DALLAS — Supplementation with vitamins C and E did not prevent preeclampsia, reduce its severity, or lower adverse neonatal outcomes in a World Health Organization randomized trial of 1,365 high-risk women.
The observed negative results are consistent with those of most previous antioxidant trials, although none of the previously reported adverse effects, such as earlier and more severe preeclampsia or reduced birth weight, were observed in the current trial, Dr. Mario Merialdi said at the annual meeting of the Society for Maternal-Fetal Medicine.
“We found no evidence of harm to either mother or fetus attributable to supplementation with vitamin C and E,” he said.
Still, lead investigator Dr. Jose Villar, a senior fellow in perinatal medicine at the University of Oxford (England), advised caution. “It is always of concern to give ineffective drugs to pregnant women, even if one study does not demonstrate harm,” he said in an interview.
The recent VIP (Vitamins in Preeclampsia) trial showed that concomitant vitamin C and E supplementation did not reduce preeclampsia among 2,395 women at risk, but did increase the rate of babies born with a low birth weight (Lancet 2006;367:1145–54).
The WHO trial parallels the VIP trial, but specifically targeted high-risk women with nutritional deficiencies who lived in India, Vietnam, South Africa, and Peru. Because previous failed antioxidant trials were conducted in women with adequate nutritional status, the investigators theorized that supplementing potentially vitamin-deficient women might produce beneficial results, explained Dr. Merialdi, a reproductive health specialist with WHO in Geneva.
In all, 687 women were randomized to daily vitamin C (1 g) and vitamin E (400 IU), and 678 women were randomized to placebo before gestational week 20. Their mean age was 27 years. Risk factors were similar between the intervention and control groups, including history of previous preeclampsia (217 vs. 205), chronic hypertension (163 vs. 170), and multiple pregnancies (81 vs. 100). Compliance was similar in both groups at about 87%.
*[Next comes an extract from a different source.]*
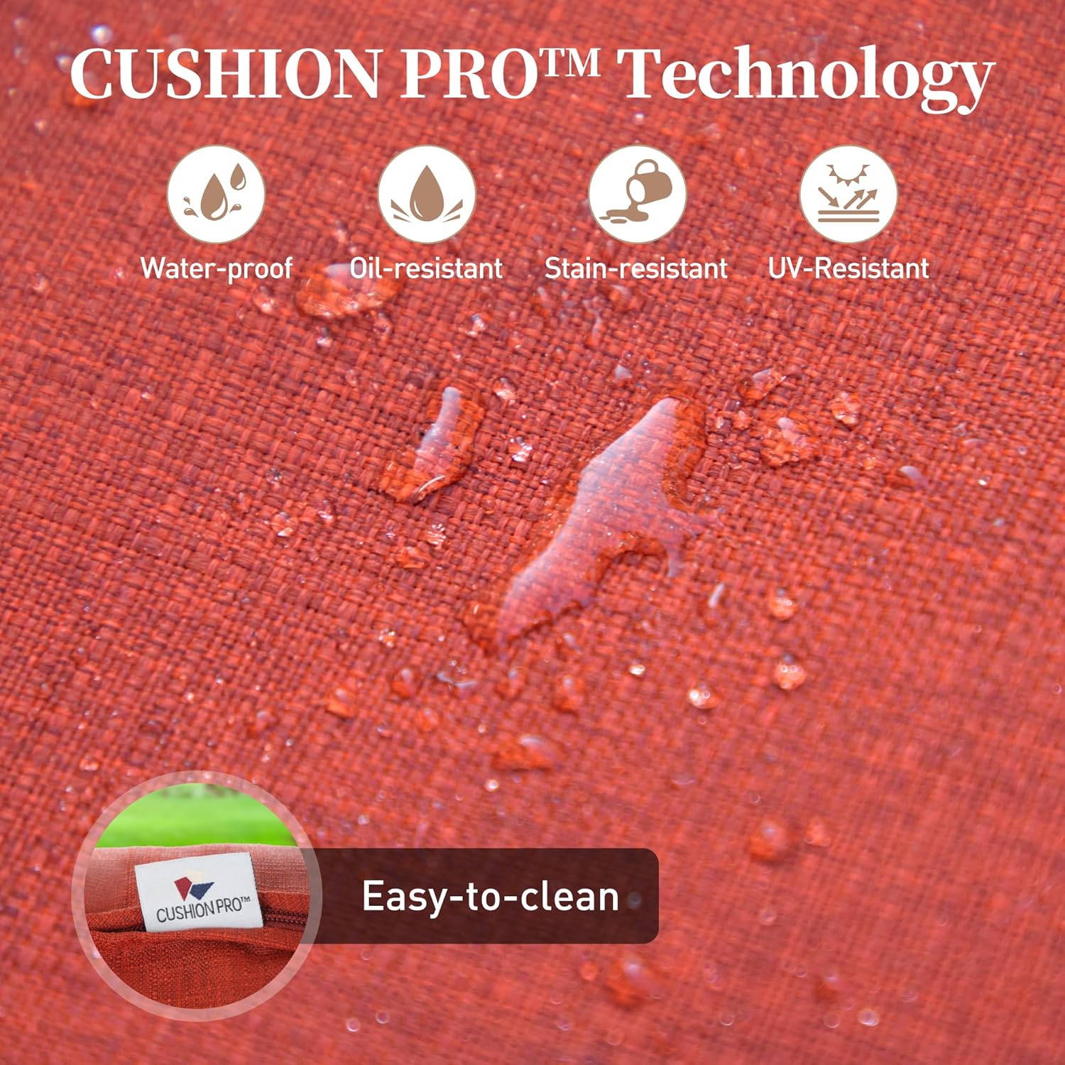 - ADVANCED CUSHION FABRIC TECH: Experience the happiness of easy maintenance with the SUNSHINE VALLEY outdoor rocker chairs. The fabric of this patio sofa is made with patent CUSHION PRO technology. It has excellent waterproof, oil-proof, and stain-resistant properties making the dirt easily wiped down. It can really meet your outdoor leisure needs

Supplementation did not reduce the risk of preeclampsia (relative risk 1.0), eclampsia (RR 1.5), or severe gestational hypertension (RR 0.8). Adjustment for maternal age did not modify these results, he said. The incidence of preeclampsia was not significantly different between the intervention and placebo groups (24.5% vs. 23.3%).
The secondary outcomes of low birth weight (defined as less than 2,500 g, and found in 33% of the intervention group vs. 36% in controls), small size for gestational age (defined as less than 10th percentile, in 23% vs. 26%), and preterm delivery (defined as delivery before 37 weeks, in 21% vs. 24%) tended to be lower with supplementation, but were not statistically different (RR 0.9 for all three).
Perinatal death also tended to be lower with supplementation, but did not reach statistically significant levels (RR 0.8), and the trial was underpowered to test this outcome.
A stratified analysis of those women with a history of preeclampsia demonstrated similar rates of preeclampsia in the supplement and control groups (26% vs. 28%), said Dr. Merialdi, who reported no financial conflicts of interest.